# Starting to obtain parts for the resto



## 1969 gto (Apr 27, 2014)

I am about to start the restoration this fall as the summer bull is about done. I have bought both fenders seeing my fenders are bad at the bottom heel, but the lips are perfect, my question is if the fender lip is the same as the quarter lip making it a good patch for the rear quarter? They seem the same but I am not sure, so if anyone knows if they are in fact the same can you please chime in, thanks. I will post pictures has I progress through the project, this will most likely be the first of many posts as I plan on doing as much as I can or feel comfortable doing.


----------



## dan woodland (Jul 24, 2013)

Welcome to the fun 1969 gto (I too have a 69)... post pictures as you go... nothing like looking back after it's all done and remembering how much you've done to her. Especially before and after shots!!

I speak from experience here, make a list of all the things you need for what ever portion of the project you are working on at the time and order all the parts at one time. I've done a bit of the parts trickle thingy-ma-bob and it's a touch frustrating and time consuming while you want for staggered orders to arrive.

Good luck and keep us posted. Dan


----------



## 1969 gto (Apr 27, 2014)

The fun will begin soon, I know it will get frustrating at times but I feel the end result will be reward enough. I'm guessing no one is sure if the back quarter lips are the same as the fender lips? Would like to know if I can graft them into the quarters. I will post pictures once I get a new computer, old one went dead two months ago, using wife's ipad and hate it. thanks.


----------



## dan woodland (Jul 24, 2013)

Sorry, I can't help you with that but I'm sure someone here does.

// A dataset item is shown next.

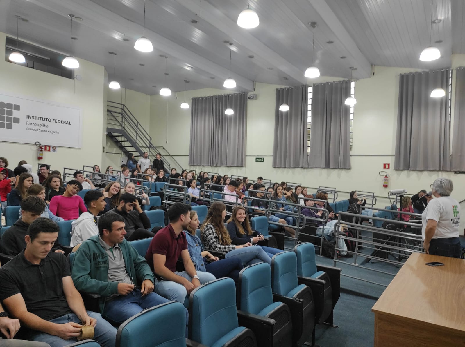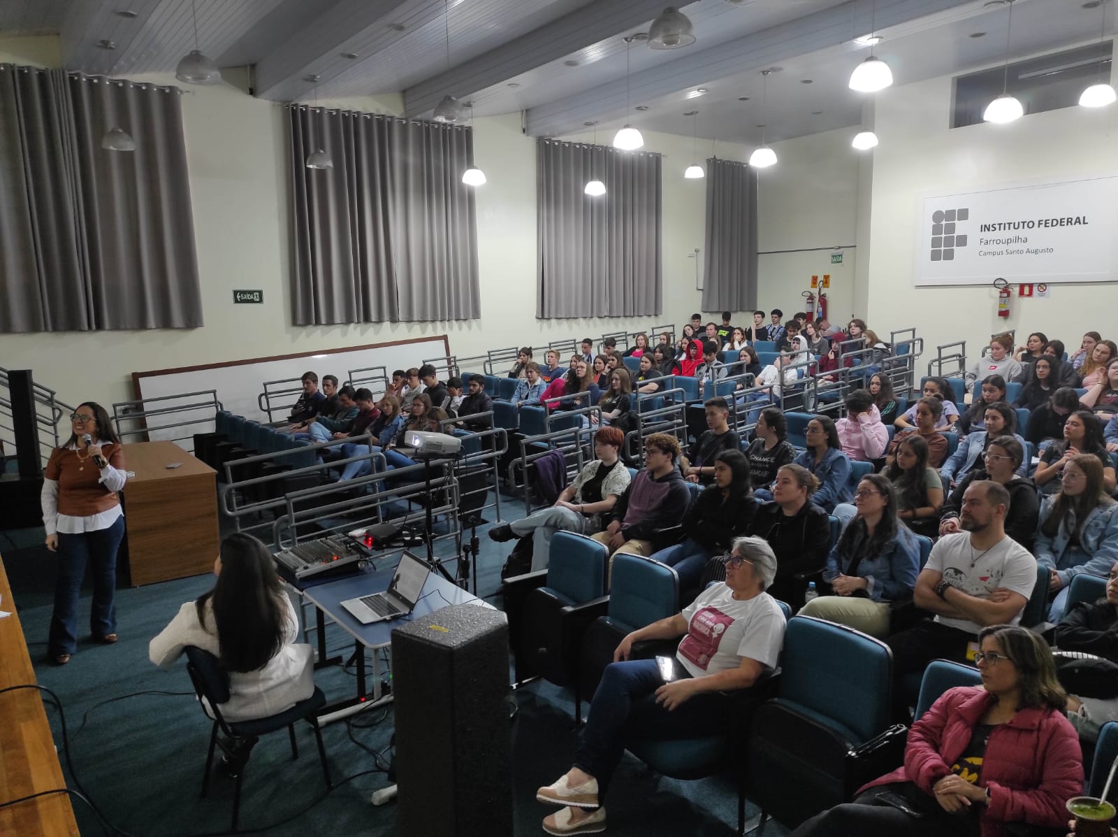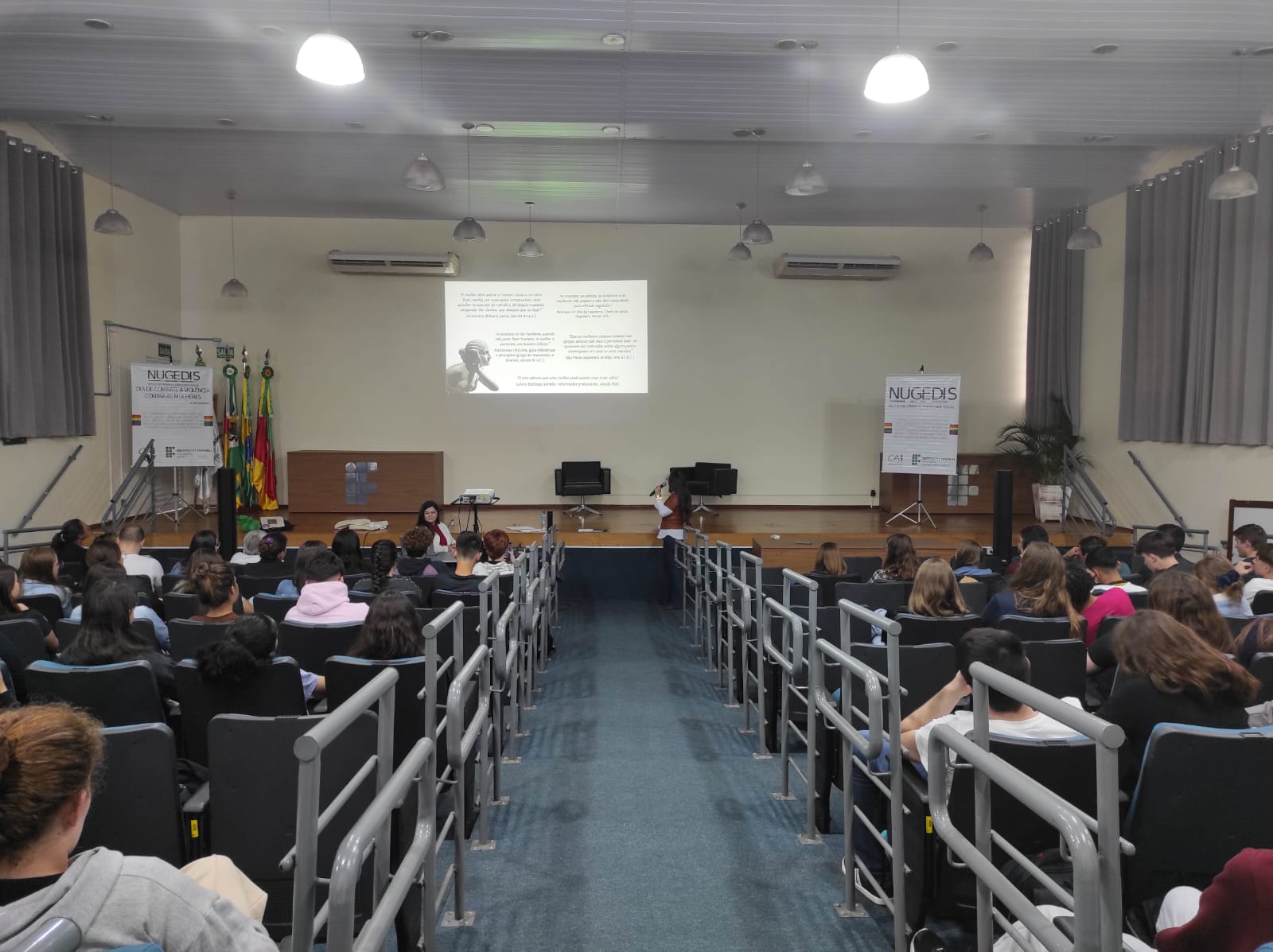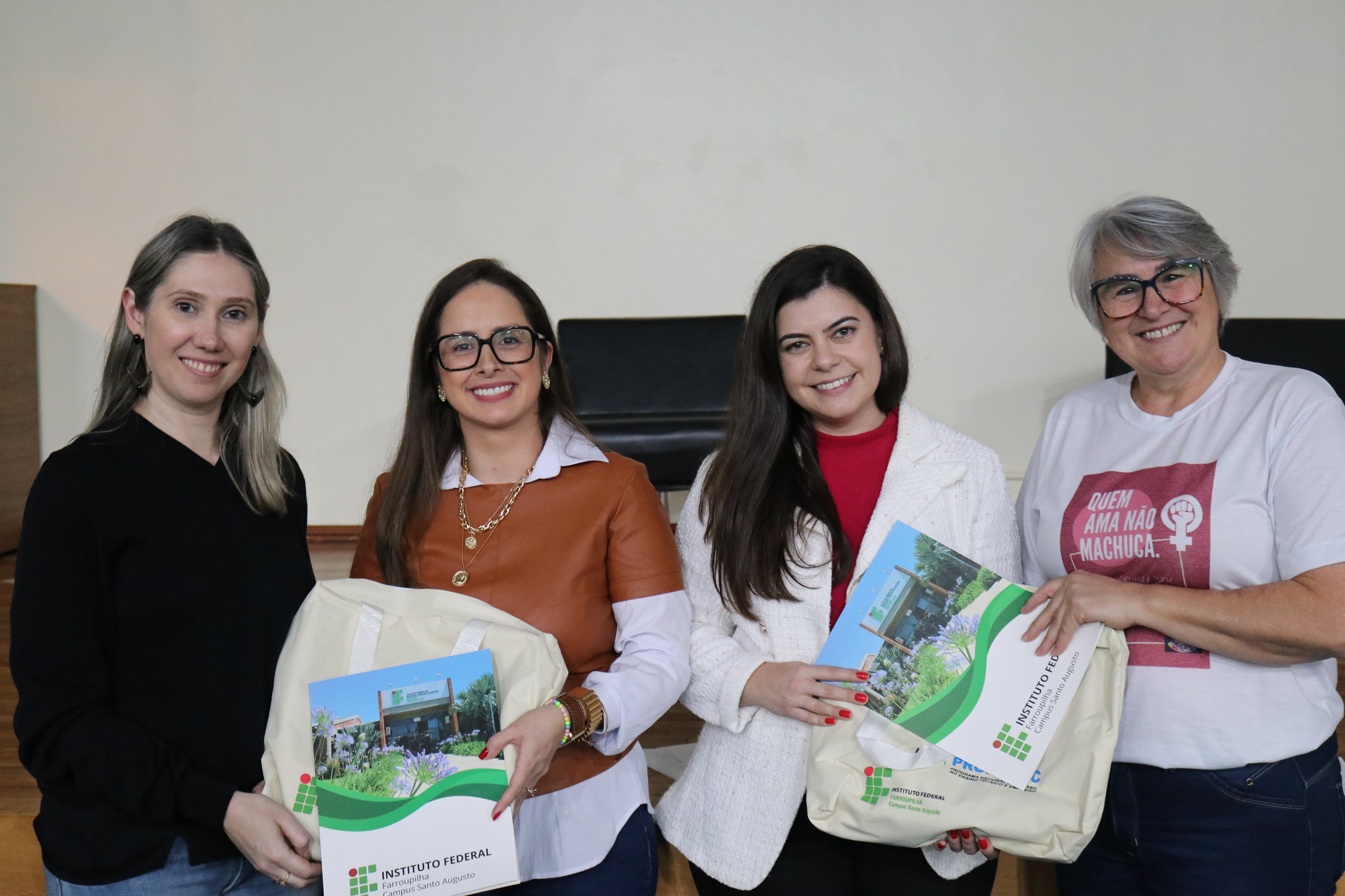 Tendo como convidadas as advogadas Larissa Boeira e Michele Iop Cerda Palacios, especialistas em Direito de Família, foram realizadas duas palestras no auditório da instituição, com o tema “Violência Contra a Mulher e Lei Maria da Penha”, sendo a primeira às 15h30, para os estudantes dos 3º anos dos cursos técnicos integrados ao ensino médio, e às 19h, para os estudantes dos cursos superiores do Bacharelado em Agronomia, Licenciatura em Ciências Biológicas e Tecnologia em Gestão do Agronegócio.

Yes, it will be rewarding, very rewarding so I look forward to watching you rebuild her. Dan


----------



## ALKYGTO (Mar 29, 2010)

Are you asking if a section of the front fender can be used to repair the rear section of the rear quarter panel? I'm not sure if it will but I do know that on the front fenders that the front of one side will fit the rear of the other and vice versa. I had to do this myself to repair the front lip on one fender where it had been trimmed for tire clearance. I have sections of six front fenders to make the pair on my car.


----------



## 1969 gto (Apr 27, 2014)

ALKYGTO I believe what you did is basically what I want to do. I have fenders that the lips, where the chrome molding attaches to, are in near perfect shape. The quarter's lip are not so great, I was hoping that they were the same so I can use the fenders lips to repair the quarters. Are you saying that the left fender is same as right quarter and vice versa? Has anyone done it before in a 69 GTO? Thanks.


----------



## Too Many Projects (Nov 15, 2008)

1969 gto said:


> ALKYGTO I believe what you did is basically what I want to do. I have fenders that the lips, where the chrome molding attaches to, are in near perfect shape. The quarter's lip are not so great, I was hoping that they were the same so I can use the fenders lips to repair the quarters. *Are you saying that the left fender is same as right quarter and vice versa ?* Has anyone done it before in a 69 GTO? Thanks.


The lip on the front is much wider than the rear and you may be able it cut down to fit. I don't know if the shape is the same to match the rear. It may work with some modifications.


----------



## 1969 gto (Apr 27, 2014)

Thanks, Too Many Projects, I was not sure but looking at it, it appeared to be the same. I will try to use the fenders has patches , see if it will work. Thanks again much appreciated.:thumbsup:


----------



## Faeodan (Aug 22, 2014)

I'm right there with ya. Just started the resto on my recently acquired 69 GTO. Just picked up new fenders and hood last week, so tomorrow, pulling the fenders and front end, and take it to the car wash and spend about $20 cleaning up the filthy 400. Post pics of your project when you get a chance, I'd love to keep up with it while I'm working on mine.


----------



## 1969 gto (Apr 27, 2014)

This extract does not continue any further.